Born and educated in Edinburgh, Tommy Armour lost the sight of an eye due to mustard gas during WWI. His golf career really took off when he went to America.
He won the US Open in 1927 at Oakmont with a 3 at the last to tie “Light Horse” Harry Cooper, who he then beat in a play-off. In 1930 he won the major that the great amateur Bobby Jones could not enter, the PGA Championship.
The following year he claimed the Claret Jug in the first Open staged at Carnoustie. At a monster 6,900 yards, James Braid had turned the course into a stern examination. Yet Armour equalled the course record with a 71 in the final round.

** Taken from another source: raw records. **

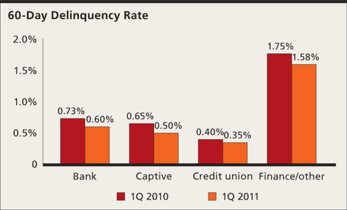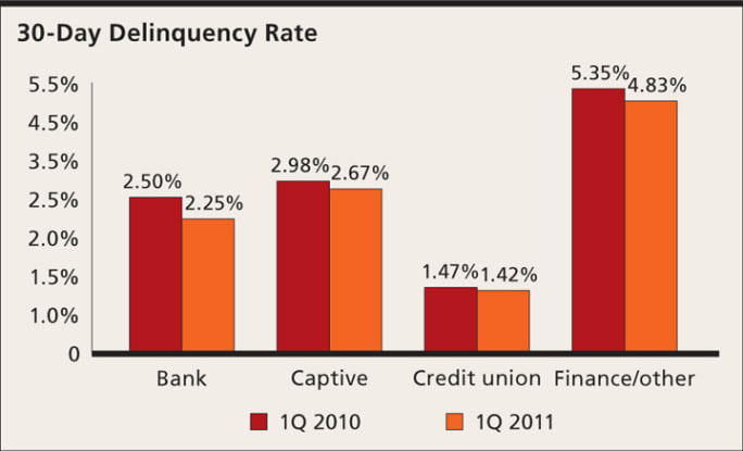 Thirty-day delinquencies are at their lowest point since the fourth quarter of 2008, giving lenders a little more leeway in their credit decisions. Having dropped 7.95 percent, 30-day delinquencies contracted to 2.52 percent in the first quarter from 2.74 percent a year ago. Sixty-day delinquencies dropped by 13.45 percent in the same period, with the captive finance segment enjoying the largest decline.
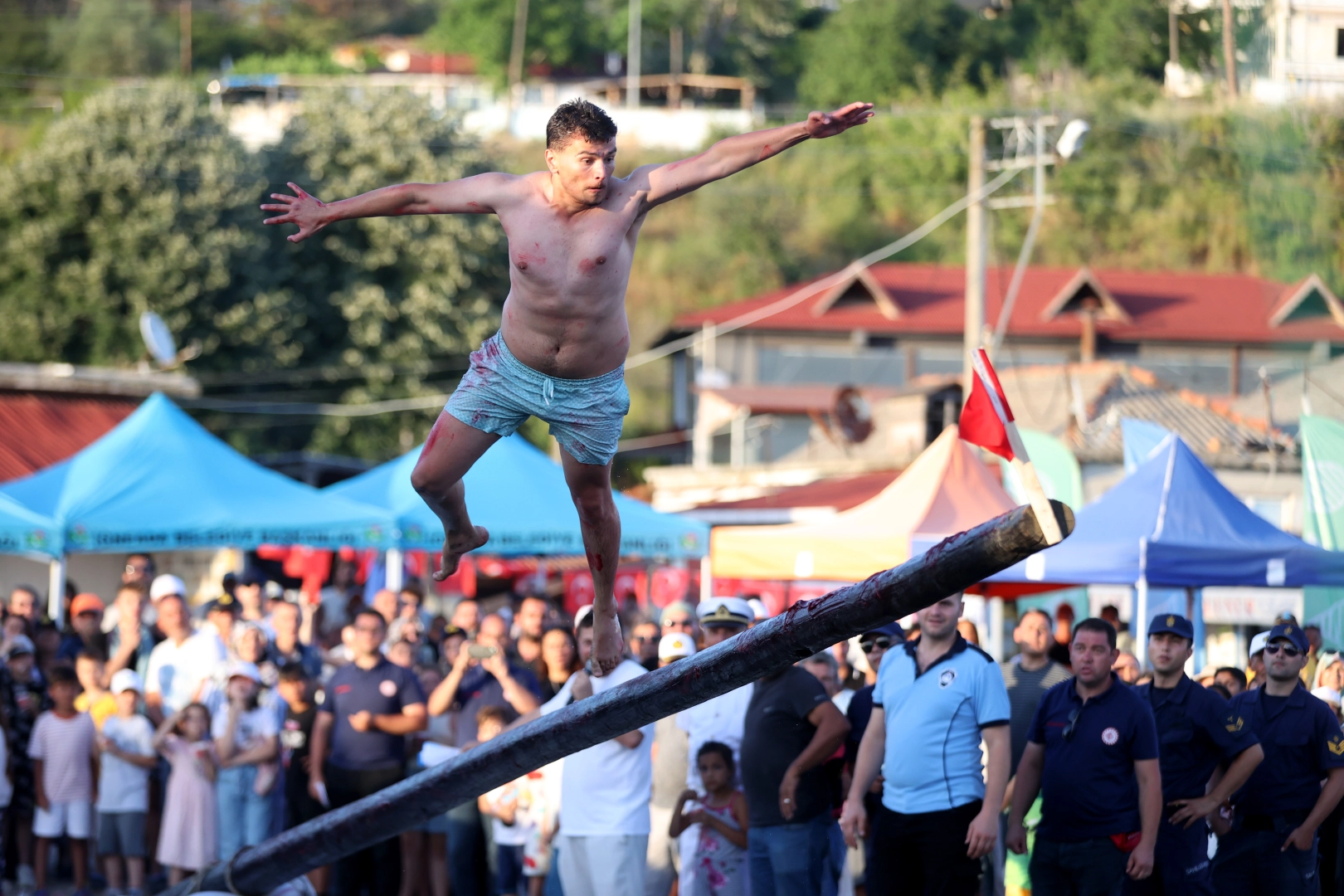 YAĞLI DİREKTEN BAYRAK ALMAK İÇİN KIYASIYA YARIŞTILARDiğer bir etkinlikte ise 8 metre uzunluğundaki yağlı direğin ucundaki Türk bayrağını almak için 15 yarışmacı mücadele etti.
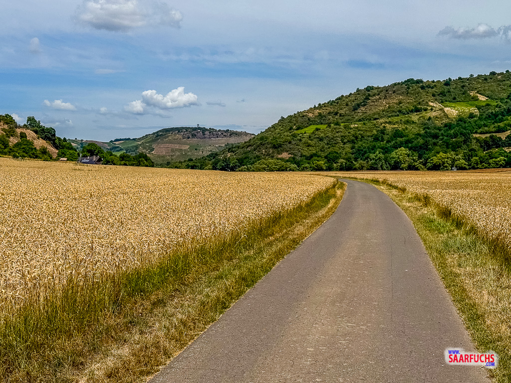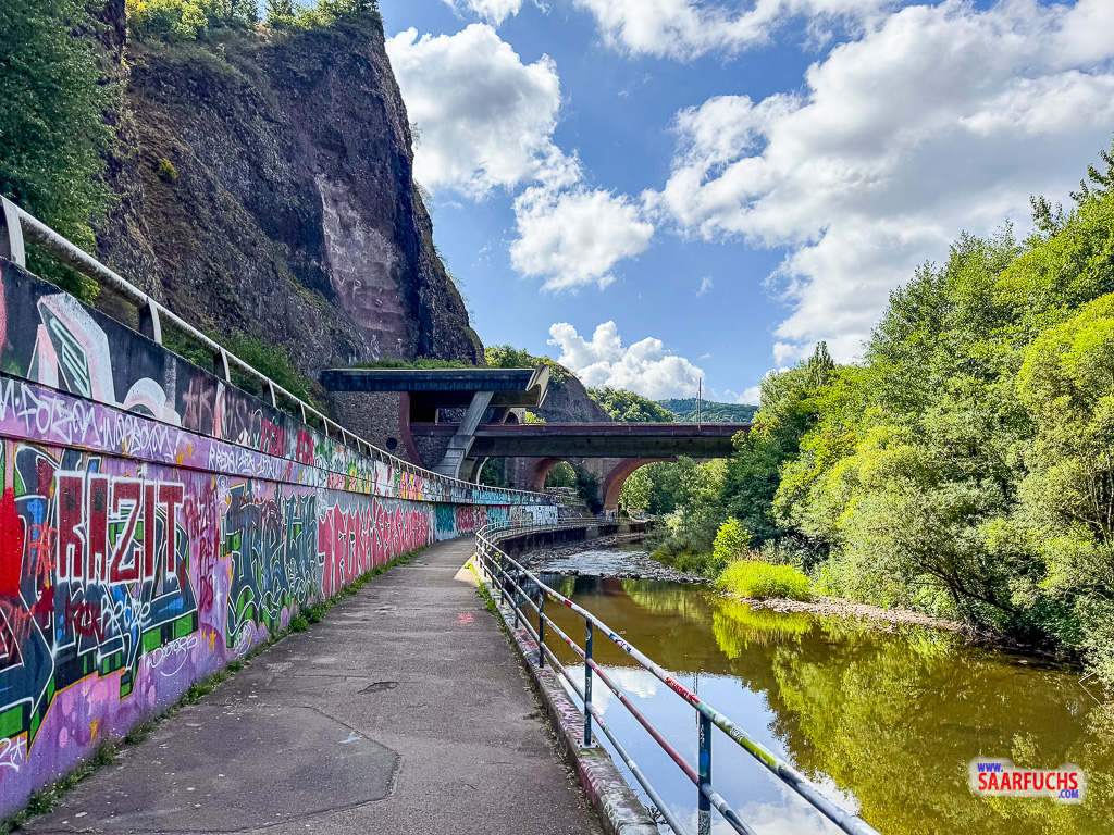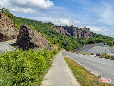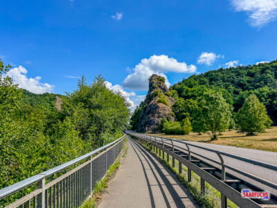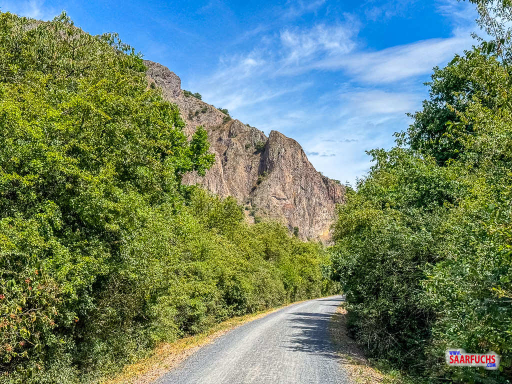 Zunächst fahre ich parallel zu einer Landstraße unterhalb einer Felsformation, auf der sich der Nahe-Skywalk befindet, hindurch.
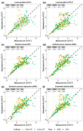 Estimated vs. measured LAI of hemp with different inversion methods: (a) LUT-I, (b) LUT-II, (c) RF, (d) ANN, (e) GPR, and (f) EM.
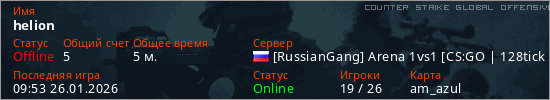 Играет на Counter Strike Global Offensive сервере. Страна: РоссияПервый раз замечен 09:01 26.01.2026

Like Jim Barnes six years earlier, Armour came back from five behind after 54 holes. Barnes, however, was lying second to Macdonald Smith who collapsed amid Prestwick being overrun with spectators.
Armour was tied for sixth after 54 holes and needed a special round to overtake all of those ahead of him, including Argentina’s Jose Jurado, who laid up at the last hole and missed from nine feet for the 4 he required to tie.
The “Silver Scot”, although a naturalised American by then, was the last Scottish-born player to win The Open until Paul Lawrie back at Carnoustie in 1999. Armour was a fine driver of the ball but putting was a weakness and he coined the term the “yips”, which he described as “that ghastly time when, with the first movement of the putter, the golfer blacks out.”
He became a fine teacher of the game and wrote two best-selling books, 'How to Play Your Best Golf All the Time' and 'A Round of Golf with Tommy Armour'. He was a deliberately slow player, saying: “Whoever said golf was supposed to be played fast?”